## TASK INSTRUCTIONS
Write out all of the entries that follow, word for word, but skip the pictures.
----- DATA FOR THIS TASK
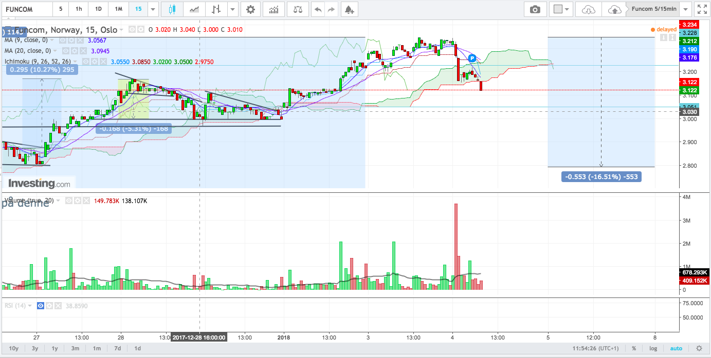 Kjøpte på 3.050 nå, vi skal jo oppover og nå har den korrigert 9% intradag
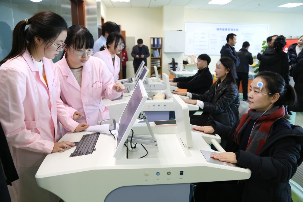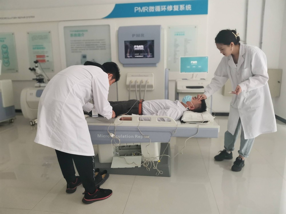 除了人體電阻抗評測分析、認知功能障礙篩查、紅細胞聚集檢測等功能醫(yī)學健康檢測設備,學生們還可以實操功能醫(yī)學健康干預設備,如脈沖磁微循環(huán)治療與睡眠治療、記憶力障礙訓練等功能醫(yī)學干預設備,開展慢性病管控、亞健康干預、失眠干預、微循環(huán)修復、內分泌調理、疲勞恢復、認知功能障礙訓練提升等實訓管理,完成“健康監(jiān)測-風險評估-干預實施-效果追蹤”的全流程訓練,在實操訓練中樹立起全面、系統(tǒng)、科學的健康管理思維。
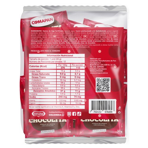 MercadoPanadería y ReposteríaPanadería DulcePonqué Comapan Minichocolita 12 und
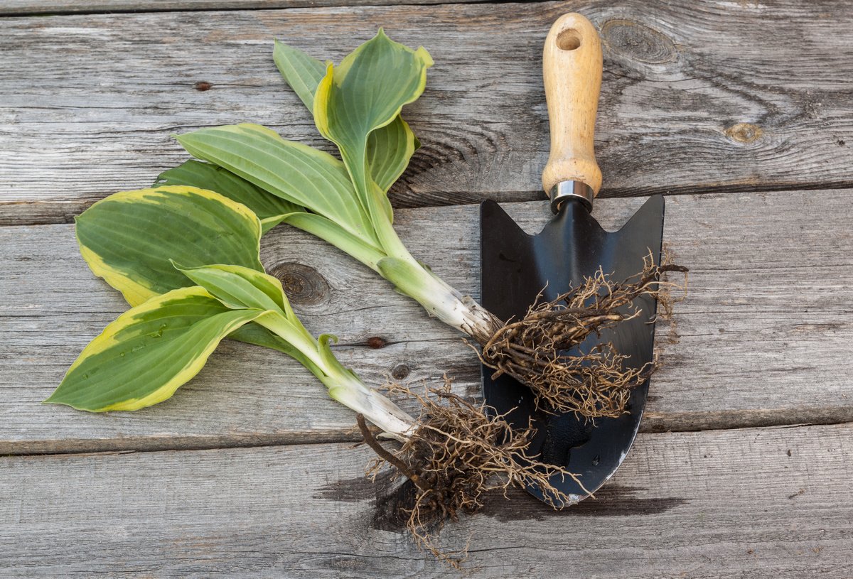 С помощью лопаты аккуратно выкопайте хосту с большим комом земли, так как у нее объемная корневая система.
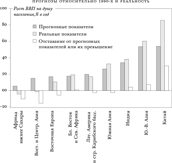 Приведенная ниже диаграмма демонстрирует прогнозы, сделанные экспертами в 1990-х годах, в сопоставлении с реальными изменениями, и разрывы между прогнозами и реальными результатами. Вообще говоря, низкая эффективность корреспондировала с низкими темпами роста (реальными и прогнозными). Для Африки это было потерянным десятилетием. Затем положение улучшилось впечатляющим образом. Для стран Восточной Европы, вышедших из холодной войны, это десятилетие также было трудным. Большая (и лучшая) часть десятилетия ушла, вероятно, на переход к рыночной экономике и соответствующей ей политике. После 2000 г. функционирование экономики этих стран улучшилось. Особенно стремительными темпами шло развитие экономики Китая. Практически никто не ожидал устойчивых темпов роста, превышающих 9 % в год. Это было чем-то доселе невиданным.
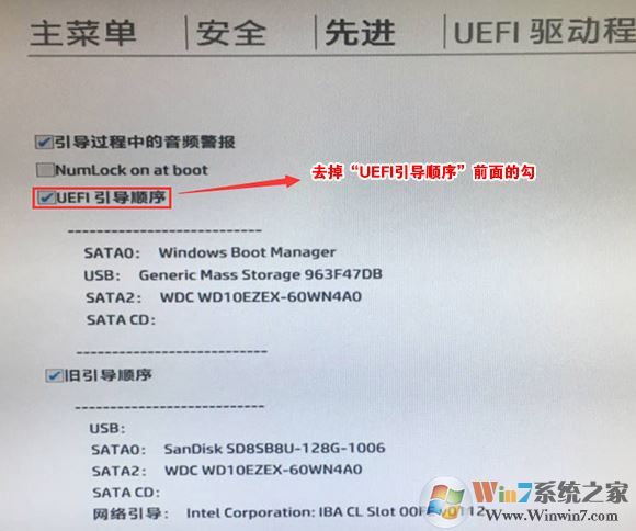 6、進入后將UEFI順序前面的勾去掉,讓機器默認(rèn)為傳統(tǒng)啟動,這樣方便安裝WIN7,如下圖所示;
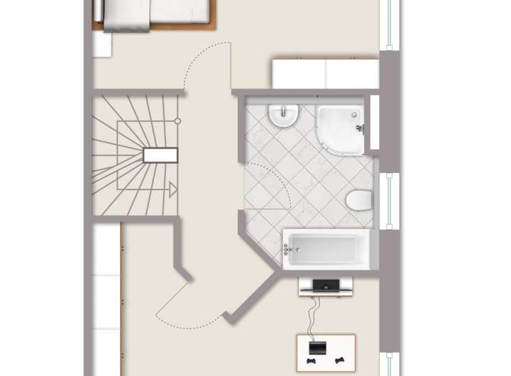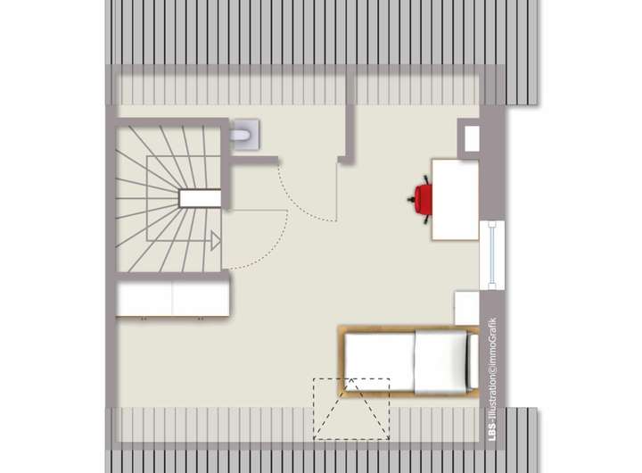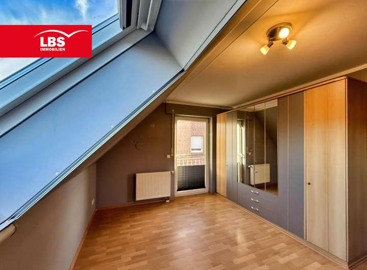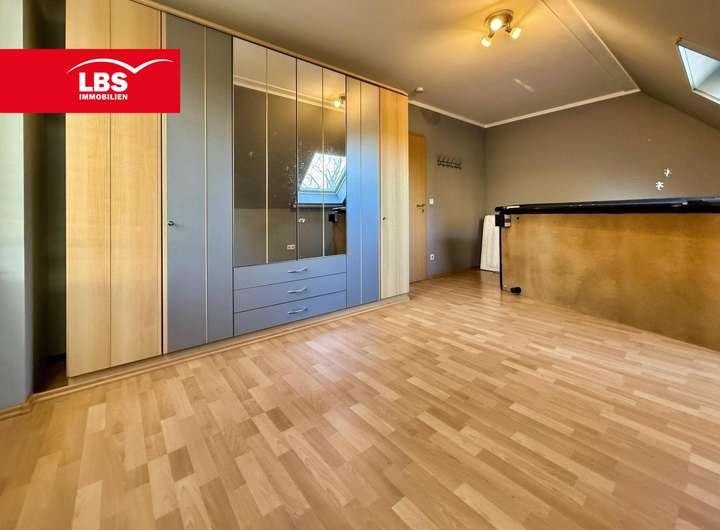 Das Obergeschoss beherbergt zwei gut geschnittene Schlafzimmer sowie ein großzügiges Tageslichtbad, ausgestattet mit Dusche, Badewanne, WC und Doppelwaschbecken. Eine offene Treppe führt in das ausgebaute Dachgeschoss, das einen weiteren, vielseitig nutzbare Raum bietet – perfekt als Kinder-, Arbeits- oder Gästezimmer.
----------
## ANSWER FOR THE TASK
 Kjøpte på 3.050 nå, vi skal jo oppover og nå har den korrigert 9% intradag
 除了人體電阻抗評測分析、認知功能障礙篩查、紅細胞聚集檢測等功能醫(yī)學健康檢測設備,學生們還可以實操功能醫(yī)學健康干預設備,如脈沖磁微循環(huán)治療與睡眠治療、記憶力障礙訓練等功能醫(yī)學干預設備,開展慢性病管控、亞健康干預、失眠干預、微循環(huán)修復、內分泌調理、疲勞恢復、認知功能障礙訓練提升等實訓管理,完成“健康監(jiān)測-風險評估-干預實施-效果追蹤”的全流程訓練,在實操訓練中樹立起全面、系統(tǒng)、科學的健康管理思維。
 MercadoPanadería y ReposteríaPanadería DulcePonqué Comapan Minichocolita 12 und
 С помощью лопаты аккуратно выкопайте хосту с большим комом земли, так как у нее объемная корневая система.
 Приведенная ниже диаграмма демонстрирует прогнозы, сделанные экспертами в 1990-х годах, в сопоставлении с реальными изменениями, и разрывы между прогнозами и реальными результатами. Вообще говоря, низкая эффективность корреспондировала с низкими темпами роста (реальными и прогнозными). Для Африки это было потерянным десятилетием. Затем положение улучшилось впечатляющим образом. Для стран Восточной Европы, вышедших из холодной войны, это десятилетие также было трудным. Большая (и лучшая) часть десятилетия ушла, вероятно, на переход к рыночной экономике и соответствующей ей политике. После 2000 г. функционирование экономики этих стран улучшилось. Особенно стремительными темпами шло развитие экономики Китая. Практически никто не ожидал устойчивых темпов роста, превышающих 9 % в год. Это было чем-то доселе невиданным.
 6、進入后將UEFI順序前面的勾去掉,讓機器默認(rèn)為傳統(tǒng)啟動,這樣方便安裝WIN7,如下圖所示;
 Das Obergeschoss beherbergt zwei gut geschnittene Schlafzimmer sowie ein großzügiges Tageslichtbad, ausgestattet mit Dusche, Badewanne, WC und Doppelwaschbecken. Eine offene Treppe führt in das ausgebaute Dachgeschoss, das einen weiteren, vielseitig nutzbare Raum bietet – perfekt als Kinder-, Arbeits- oder Gästezimmer.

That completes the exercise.